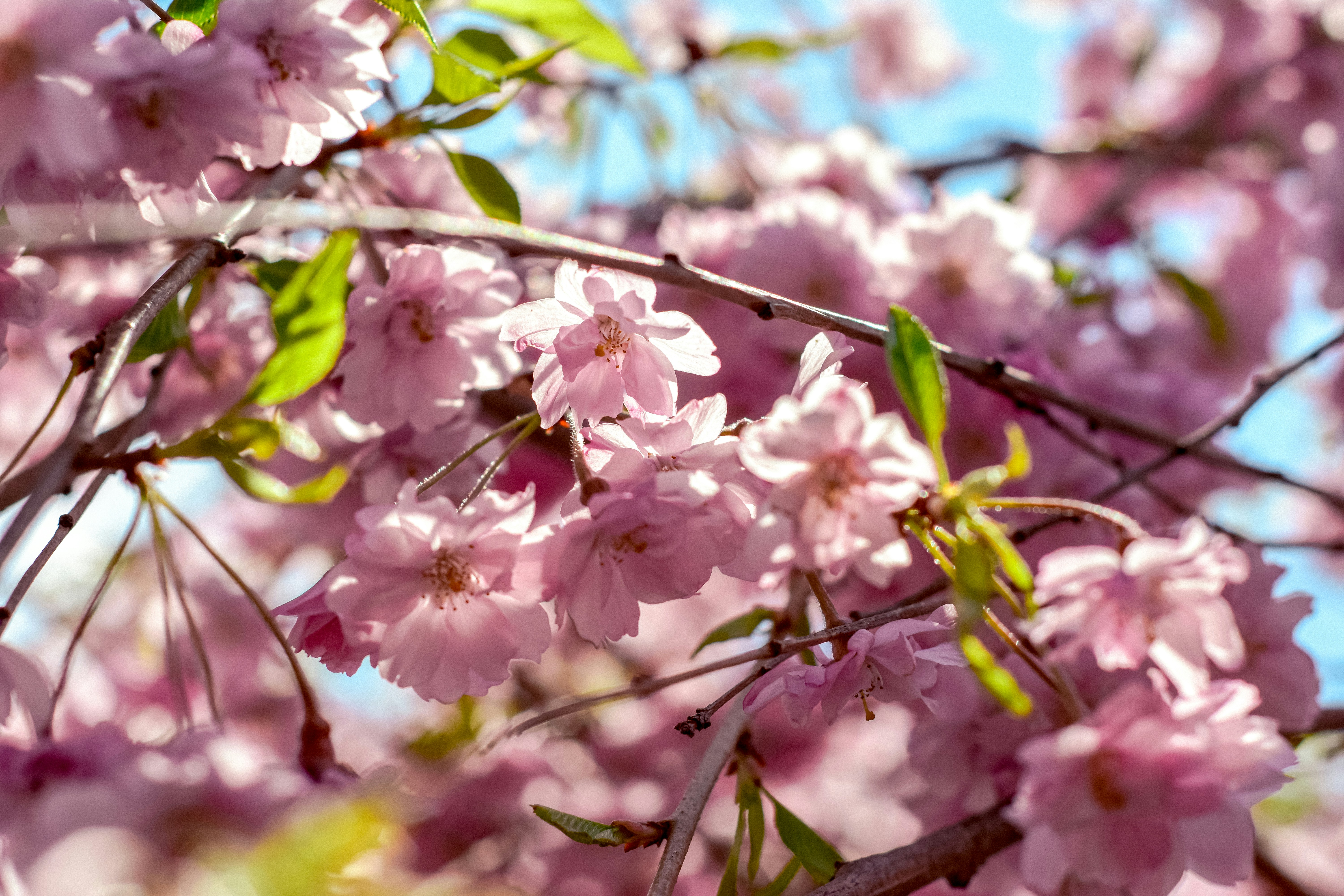 cherry blossoms, spring, michigan, flowers, floral, pink, blue sky, vsco, warm colors, summer, japanese cherry, sakura, low fstop
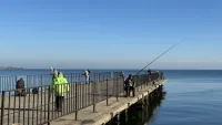 Также, к морю вышли и желающие выловить немного рыбки. С удочками можно было насчитать около 50 рыбаков, которые вылавливали бычок.
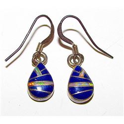 Vintage Native American Zuni Lapis Opal Inlay Dangle Pierced Earrings
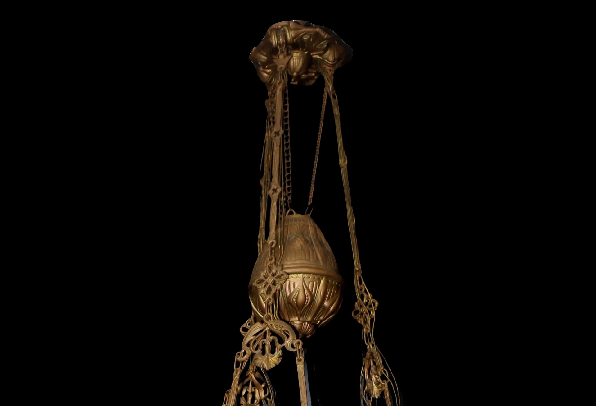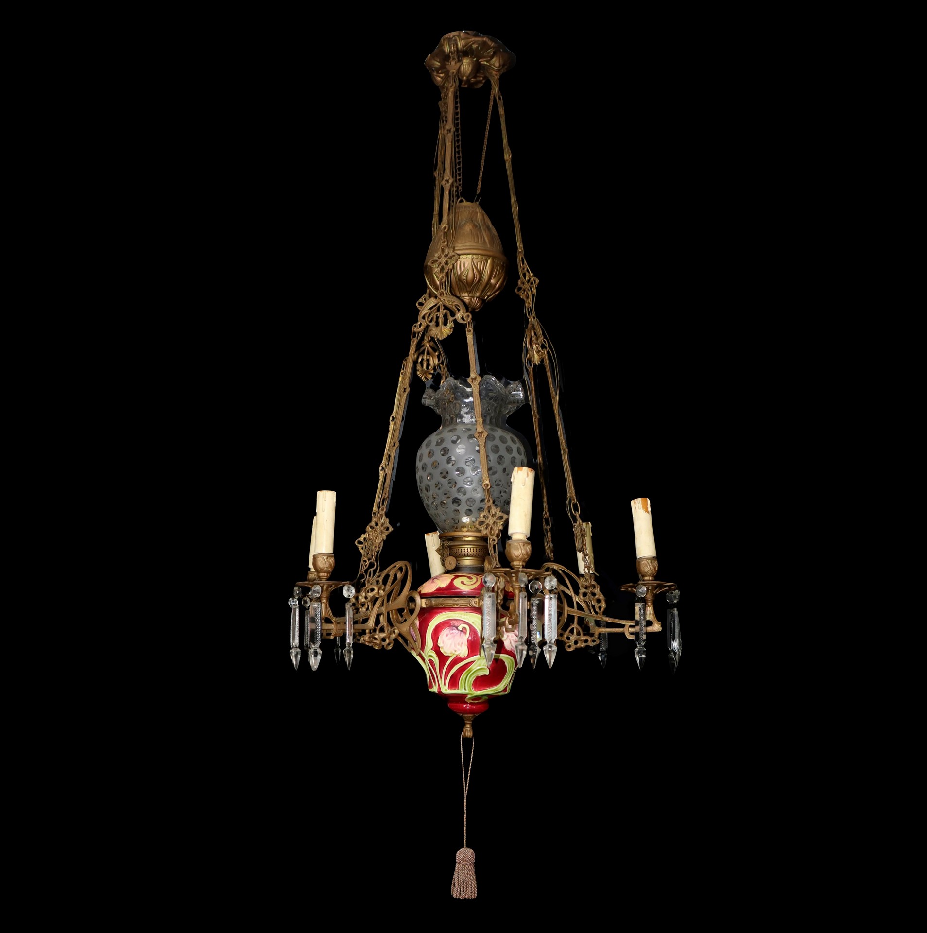 Elettrificato, contenitore in maiolica decorata liberty , diffusore in vetro a tulip, bronzo dorato .
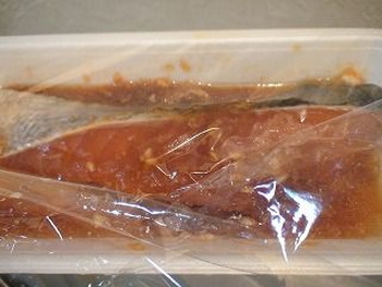 2. サケを生のまま、1の漬けダレに漬けてラップし冷蔵庫で30分置く。
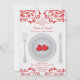 En romantisk inbjudan till ett repetition middagparty. Abstrakt virvlar runt gränsen det bästa, och nedersta av kortet och en para av rött värmer vilar i centrera av plätera. (FP)
_ _ _
(Description of the task): Here the records must be restated exactly, minus any images.

(Output of the exercise):
 cherry blossoms, spring, michigan, flowers, floral, pink, blue sky, vsco, warm colors, summer, japanese cherry, sakura, low fstop
 Также, к морю вышли и желающие выловить немного рыбки. С удочками можно было насчитать около 50 рыбаков, которые вылавливали бычок.
 Vintage Native American Zuni Lapis Opal Inlay Dangle Pierced Earrings
 Elettrificato, contenitore in maiolica decorata liberty , diffusore in vetro a tulip, bronzo dorato .
 2. サケを生のまま、1の漬けダレに漬けてラップし冷蔵庫で30分置く。
 En romantisk inbjudan till ett repetition middagparty. Abstrakt virvlar runt gränsen det bästa, och nedersta av kortet och en para av rött värmer vilar i centrera av plätera. (FP)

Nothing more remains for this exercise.